*** DATA Section Begins ***
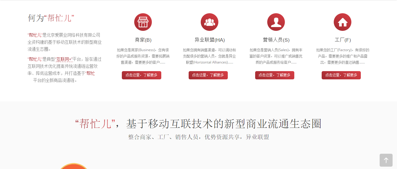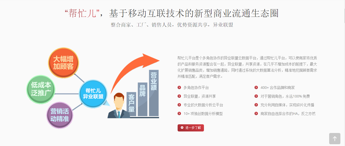 上一个下一个帮忙儿 | 基于互联网+的异业联盟平台“帮忙儿”是北京爱展业网络科技有限公司全资构建的基于移动互联技术的新型商业流通生态圈。 “帮忙儿”是典型“互联网+”平台,旨在通过互联网技术优化提高传统流通链运营效率、降低运营成本,并打造基于“帮忙儿”平台的全新商品流通链。 2015年11月15日响应式企业网站 新浪微博分享到新浪微博腾讯微博分享到腾讯微博人人网分享到人人网QQ空间分享到QQ空间开心网分享到开心网微信分享到微信
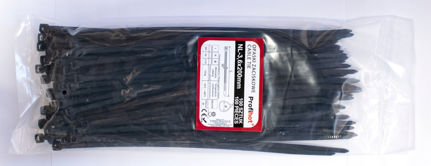 КАБЕЛЬНІ Стяжки CABLE TIES UV BLACK CLAMPS зажим 3,6x200 100 шт.
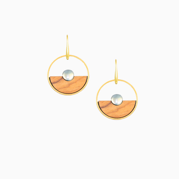 Ohrringe aus Olivenholz "Horizont rund - weiß" Nr. 052.953
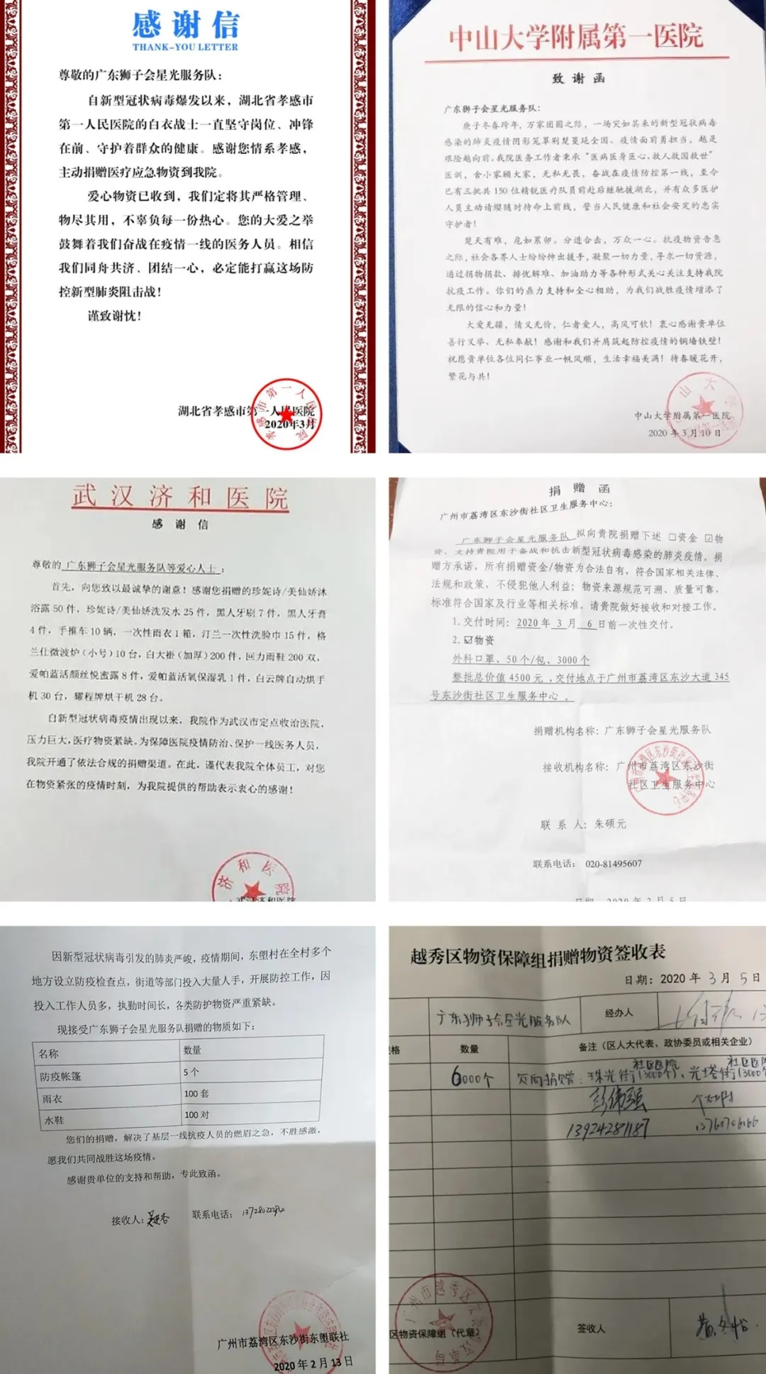 2020年伊始,我们共同度过了一个不同寻常的春节。疫情面前没有旁观者,看着医务人员、社区工作者的义无反顾,毅然投身防疫第一线,星光服务队一众会员备受鼓舞,纷纷投入到疫情防控工作中。 由于疫情正值春节期间,很多工厂尚未复工,星光服务队发动一切力量:在国外寻找物资,完成采购、验货、货运、清关等一系列流程;在国内积极联系厂家复工......大家尽最大的努力,把紧缺的口罩、防护服、消毒水、防护手套、临时帐篷等各种紧缺的抗疫物资送到疫情防控第一线。截至目前,星光服务队已向各一线抗疫部门捐赠总价值超过20万元的物资。 筹集物资,助力东塱社区疫情防控工作 疫情期间,广州市荔湾区东塱联社辖区社区工作人员需要在防护物资严重紧缺的情况下,在社区开展疫情防控工作。星光服务队得知后,立即发动队员行动起来,四处联系相关供应商,克服停业、运输等各种困难,紧急把100套雨衣、100套水鞋捐赠到东塱联社,支持社区防疫工作。 2月5日,东塱联社辖区发现一宗待确认新型冠状病毒肺炎,但因社区内还没有隔离区,待确认患者只能在工作检查岗里等候救护车的到来。针对此情况,星光服务队筹集了5顶临时帐篷,让社区工作人员能够迅速布置隔离区,供疑似患者使用。 捐赠医用防护品,助医务人员抗击疫情 受疫情影响,省内多所医院需要在确保安全的情况下开展接诊工作,并组织援鄂医疗队,防控压力巨大,物资极度紧缺。了解情况后,星光服务队积极联系厂家,为中山大学附属第一医院捐赠了40000个医用外科口罩,缓解医务人员燃眉之急。 此外,星光服务队还向广州市越秀区光塔街社区卫生服务中心、越秀区珠光街社区卫生服务中心、荔湾区东沙街社区卫生服务中心各捐赠3000个一次性医用口罩,协助基层医护人员有效遏制疫情在城乡社区的扩散和蔓延,共同织起疫情防控的社区防线。 感召生活用品 消除湖北抗疫医务人员后顾之忧 由于湖北省各城市封城的原因,当地生活用品告急。获悉情况后,星光服务队感召多家爱心企业,筹集洗发水、沐浴露、牙膏、牙刷等近10万元的生活用品捐赠到湖北省孝感市第一人民医院、武汉济和医院,为一线医务人员消除后顾之忧。 一方有难,八方支援,一根红线贯穿,颗颗红心相连。感谢星光全体会员的拳拳爱心,无私奉献,感谢爱心企业与爱心人士对星光的支持与信任。广州的春天如期而至,木棉花早已盛开,期待疫情过后,我们继续携手,继续谱写公益服务的新篇章。 各受赠单位发来的感谢信、签收证明
*** DATA Section Ends ***
## [TASK DETAILS]
Copy out every line of the data above, taking care to leave the pictures out.

## [ANSWER SPACE]
 上一个下一个帮忙儿 | 基于互联网+的异业联盟平台“帮忙儿”是北京爱展业网络科技有限公司全资构建的基于移动互联技术的新型商业流通生态圈。 “帮忙儿”是典型“互联网+”平台,旨在通过互联网技术优化提高传统流通链运营效率、降低运营成本,并打造基于“帮忙儿”平台的全新商品流通链。 2015年11月15日响应式企业网站 新浪微博分享到新浪微博腾讯微博分享到腾讯微博人人网分享到人人网QQ空间分享到QQ空间开心网分享到开心网微信分享到微信
 КАБЕЛЬНІ Стяжки CABLE TIES UV BLACK CLAMPS зажим 3,6x200 100 шт.
 Ohrringe aus Olivenholz "Horizont rund - weiß" Nr. 052.953
 2020年伊始,我们共同度过了一个不同寻常的春节。疫情面前没有旁观者,看着医务人员、社区工作者的义无反顾,毅然投身防疫第一线,星光服务队一众会员备受鼓舞,纷纷投入到疫情防控工作中。 由于疫情正值春节期间,很多工厂尚未复工,星光服务队发动一切力量:在国外寻找物资,完成采购、验货、货运、清关等一系列流程;在国内积极联系厂家复工......大家尽最大的努力,把紧缺的口罩、防护服、消毒水、防护手套、临时帐篷等各种紧缺的抗疫物资送到疫情防控第一线。截至目前,星光服务队已向各一线抗疫部门捐赠总价值超过20万元的物资。 筹集物资,助力东塱社区疫情防控工作 疫情期间,广州市荔湾区东塱联社辖区社区工作人员需要在防护物资严重紧缺的情况下,在社区开展疫情防控工作。星光服务队得知后,立即发动队员行动起来,四处联系相关供应商,克服停业、运输等各种困难,紧急把100套雨衣、100套水鞋捐赠到东塱联社,支持社区防疫工作。 2月5日,东塱联社辖区发现一宗待确认新型冠状病毒肺炎,但因社区内还没有隔离区,待确认患者只能在工作检查岗里等候救护车的到来。针对此情况,星光服务队筹集了5顶临时帐篷,让社区工作人员能够迅速布置隔离区,供疑似患者使用。 捐赠医用防护品,助医务人员抗击疫情 受疫情影响,省内多所医院需要在确保安全的情况下开展接诊工作,并组织援鄂医疗队,防控压力巨大,物资极度紧缺。了解情况后,星光服务队积极联系厂家,为中山大学附属第一医院捐赠了40000个医用外科口罩,缓解医务人员燃眉之急。 此外,星光服务队还向广州市越秀区光塔街社区卫生服务中心、越秀区珠光街社区卫生服务中心、荔湾区东沙街社区卫生服务中心各捐赠3000个一次性医用口罩,协助基层医护人员有效遏制疫情在城乡社区的扩散和蔓延,共同织起疫情防控的社区防线。 感召生活用品 消除湖北抗疫医务人员后顾之忧 由于湖北省各城市封城的原因,当地生活用品告急。获悉情况后,星光服务队感召多家爱心企业,筹集洗发水、沐浴露、牙膏、牙刷等近10万元的生活用品捐赠到湖北省孝感市第一人民医院、武汉济和医院,为一线医务人员消除后顾之忧。 一方有难,八方支援,一根红线贯穿,颗颗红心相连。感谢星光全体会员的拳拳爱心,无私奉献,感谢爱心企业与爱心人士对星光的支持与信任。广州的春天如期而至,木棉花早已盛开,期待疫情过后,我们继续携手,继续谱写公益服务的新篇章。 各受赠单位发来的感谢信、签收证明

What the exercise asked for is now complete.